Globalization is a concern at a number of levels. From a purely practical point of view, it drives global demand for an unsustainable level of consumption. At a time when the developed world needs to cut back on per capita consumption, transnational businesses are building a "vast global middle class," says GEO-2000. "What will be the environmental impact of 3-4 billion consumers with rising incomes, who all want to live an affluent lifestyle?"
Clearly, improved living conditions are highly desirable if sustainable. "But since some planetary resources may be too limited to support this increased consumption, how will resulting tensions (with the billions of poor) be resolved?"

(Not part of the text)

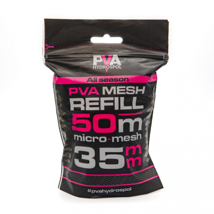 PVA Hydrospol Refill 50 m je náhradná PVA micro-mesh pančucha s priemerom 25 mm, ideálna na dopĺňanie prázdnych tubusov. Táto pančucha je pletená z kvalitných japonských vlákien do hustého micro-mesh úpletu, ktorý zabraňuje prepadávaniu sypkých materiálov, drobných pelet alebo nadrvených boilies.

Globalization has other harmful impacts on the environment, such as "stratospheric ozone depletion, climate change driven by global warming and the worldwide spread of persistent organic pollutants," says GEO-2000.

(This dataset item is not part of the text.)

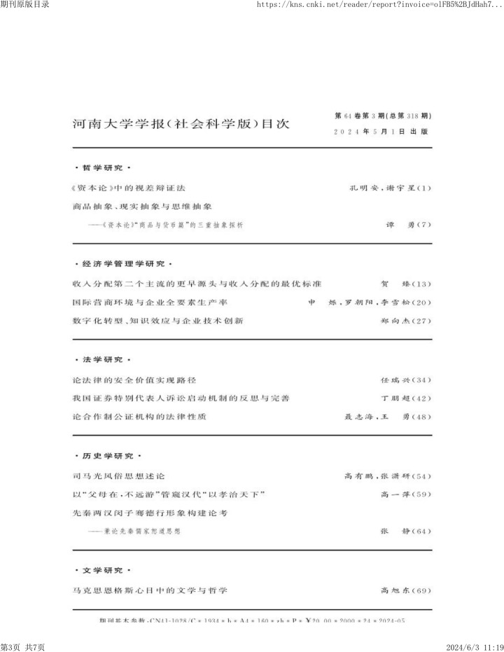 公司孔明安教授在《河南大学学报》发表文章《<资本论>中的视差辩证法》。文章认为,辩证法构成了马克思《资本论》中的哲学方法。如果从研究对象和视差的视角看,《资本论》的辩证法也可以被视为视差辩证法:它具体表现为货币之视差、剩余价值之视差等。视差乃是观察同一对象的不同视角而形成的差异。这一差异既取决于主体,也依赖于客体之不同。因而,在主体与客体之间,进而在“实证客体”与“现实客体”之间就形成了视差的辩证法。视差辩证法通过直面这一视差,把握视差现象背后的“现实”,同时又站在视差“现实”的基础上对仍处于“视觉欺骗”阶段的观察予以批判。从这一视角看马克思对货币和剩余价值的考察也是视差辩证法的体现。

Biological globalization is also a concern. Travel and trade allow organisms to move around the world and invade new environments - sometimes on purpose, sometimes by accident.
However benefits from standardising business processes in order to maximise productivity and profit may prove to be short-lived, says GEO-2000. The danger is that newly-introduced methods of cultivation may "upset the ecological balance and crowd out desirable, useful or perhaps unique species. Many varieties and breeds, often evolved over centuries of local selection, have desirable features that adapt them to particular local environments, resisting specific diseases and environmental extremes."
Such diversity may be the answer to sustainable agriculture. "Excessive globalization today could destroy much of the potential for agriculture tomorrow," warns GEO-2000.
International trade, like globalization, cannot be divorced from environmental concerns. Clearly, trade can increase wealth for many countries - which is part of the reason why the world is moving headlong towards increased trade liberalization.
But it can also harm the environment. "Where environmental issues are not incorporated in economic prices and decision-making, trade can magnify unsustainable patterns of economic activity and resource exploitation," says GEO-2000.
A disturbing dimension to this problem has emerged recently as countries challenge national environmental protection measures on the ground that they erect barriers to trade. Efforts to protect sea turtles, dolphins and sea birds have been struck down for exactly this reason.
As part of its recommendations in GEO-2000, UNEP stresses the need for linkages between trade and international finance on the one hand and environmental policy on the other. While the finance world is now beginning to make such linkages, there is much more to be done in assessing the impact of trade liberalization.
One positive development to emerge from the growth of the private sector is increased militancy on behalf of its customer-base. NGOs, civil society groups and stake-holders "now form influential lobby groups - as well as spearheading a wide range of environmental-related activities at grass roots level."
In turn, some areas of the private sector have responded to the concerns of their consumers by introducing codes of conduct, responsible care programmes and voluntary reporting on environmental activities. There is no room for complacency however. "Improved environmental performance of large-scale industry has not been echoed by small and medium-sized firms which need both help and encouragement," says GEO-2000.